CombOL - the Combinatorial Objects Library.

Project description

combol_wordmark.svg

The Combinatorial Objects Library


Introduction

CombOL is an open-source library for the enumeration and Boltzmann sampling of combinatorial classes, written in Rust and Python.

Classes can be specified programmatically through Python, via JSON files, or parsed from a concise string syntax, and may be defined in terms of an arbitrary number of parameters. From a specification, CombOL automatically derives the generating functions, enabling the generation of counting sequences. The library supports exact and approximate-size Boltzmann rejection sampling with automatic parameter tuning to target specific sizes.

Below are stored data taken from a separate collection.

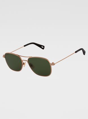 Fine metal frame with a double-bridge and round shaped lenses. The thin temples secure with patented screws.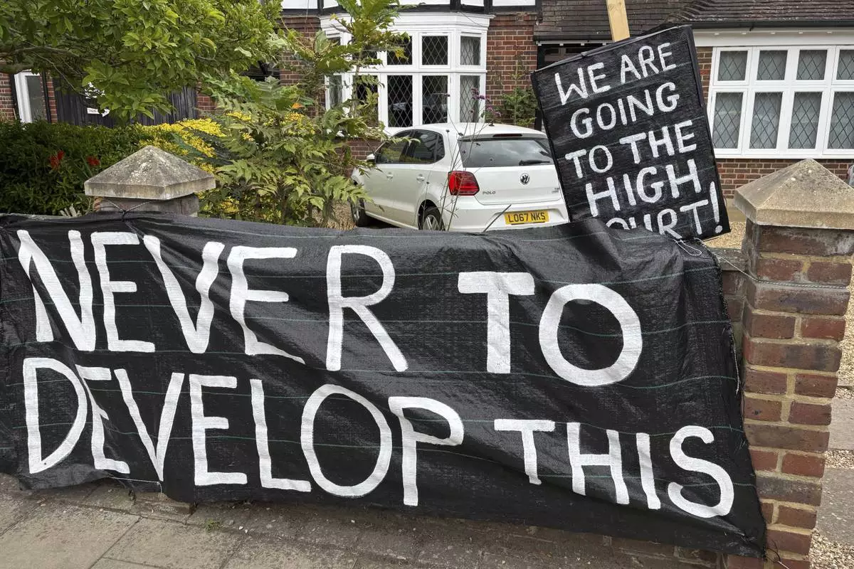 A banner opposed to Wimbledon's major expansion plan is placed outside a house leading to the All England Club where the Wimbledon Tennis Championships take place in London, Saturday, July 5, 2025. (AP Photo/Tony Hicks)
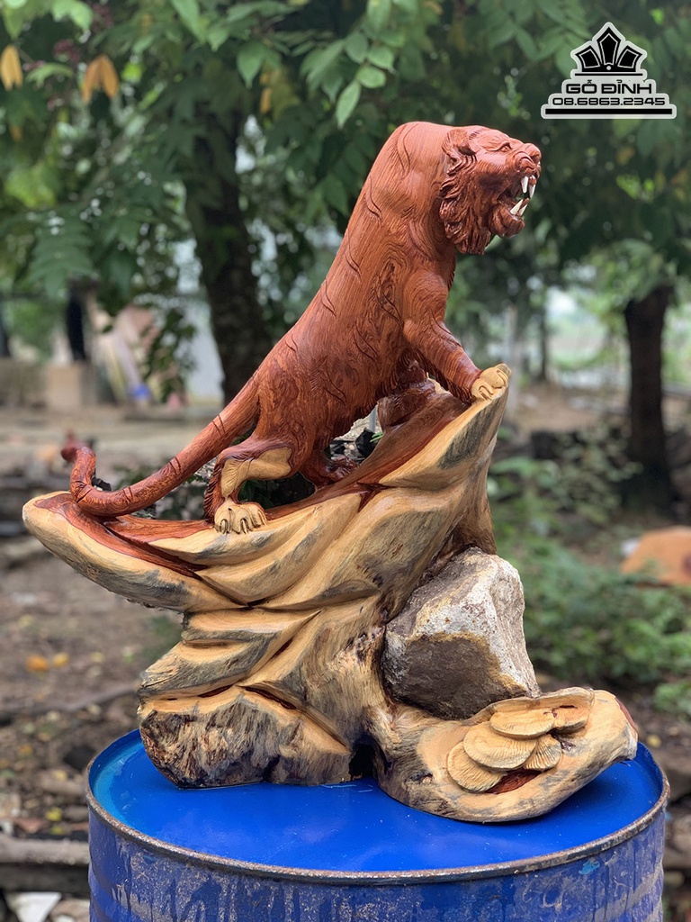 Tượng Hổ Gỗ Hương Ôm Đá Cao 64 Ngang 62 Sâu 26 (cm)

In addition to implementing established methods, CombOL features a novel early rejection scheme, as well as guaranteed statistical correctness by dynamically increasing the numerical precision, eliminating bias due to floating-point rounding errors.

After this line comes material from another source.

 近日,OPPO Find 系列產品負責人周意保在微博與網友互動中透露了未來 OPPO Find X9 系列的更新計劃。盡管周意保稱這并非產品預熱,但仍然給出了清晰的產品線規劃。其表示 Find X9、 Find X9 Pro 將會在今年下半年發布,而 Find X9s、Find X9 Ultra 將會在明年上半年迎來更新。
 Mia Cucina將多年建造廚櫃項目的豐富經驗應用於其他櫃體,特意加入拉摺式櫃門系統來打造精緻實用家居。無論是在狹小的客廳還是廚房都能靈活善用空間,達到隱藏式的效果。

Through the Python interface, users can define application-specific functions for combinatorial operators, enabling direct sampling of domain objects such as graphs, chemical structure representations, or other complex data types.


Paper

TODO


Tutorial

Quickstart

import combol

# Classes are specified by parsing a string written in syntax similar to `combstruct`.
btrees = combol.parse('B = z + (z * B * B)')

# CombOL can produce the counting sequence for univariate or multivariate classes.
counting_sequence = combol.enumerate(10)  # Poly: z + z^3 + 2z^5 + 5z^7 + ...

# We can also sample structures from the class.
sampler = btrees.sampler(0.2)
sampled_structure = sampler.sample()  # Product(z, Product(z, z, z), z)

This creates a combinatorial class object which can be used for various purposes.

Specifying classes

Classes are specified by parsing strings with a syntax similar to that of the combstruct maple package. In this syntax, classes must start with uppercase letters, and variables with lowercase letters.

The table below shows the supported combinatorial constructions and their syntax.

We can also define classes that depend on each other, e.g.

mappings = combol.parse([
    'Y = CYC(C)',
    'C = z * SET(C)'
])

When a variable is used in a class definition, an atom with size 1 in that variable is implicitly added. We can also define atoms explicitly. In the following example, we define the class of unary-binary trees, marking binary nodes with an additional parameter u:

ubtrees = combol.parse([
    'leafnode = atom(z: 1)',
    'unarynode = atom(z: 1)',
    'binarynode = atom(z: 1, u: 1)',
    'T = leafnode + (unarynode * T) + (binarynode * T * T)'
])

Here, we specified two different atoms with the same size. This can useful for the structure mapping feature, described below.

Enumeration

We can enumerate the class by calling enumerate. The argument is the maximum power to which the generating function is expanded. The result is a Poly object, which may be a UnivariatePolynomial if the class is univariate.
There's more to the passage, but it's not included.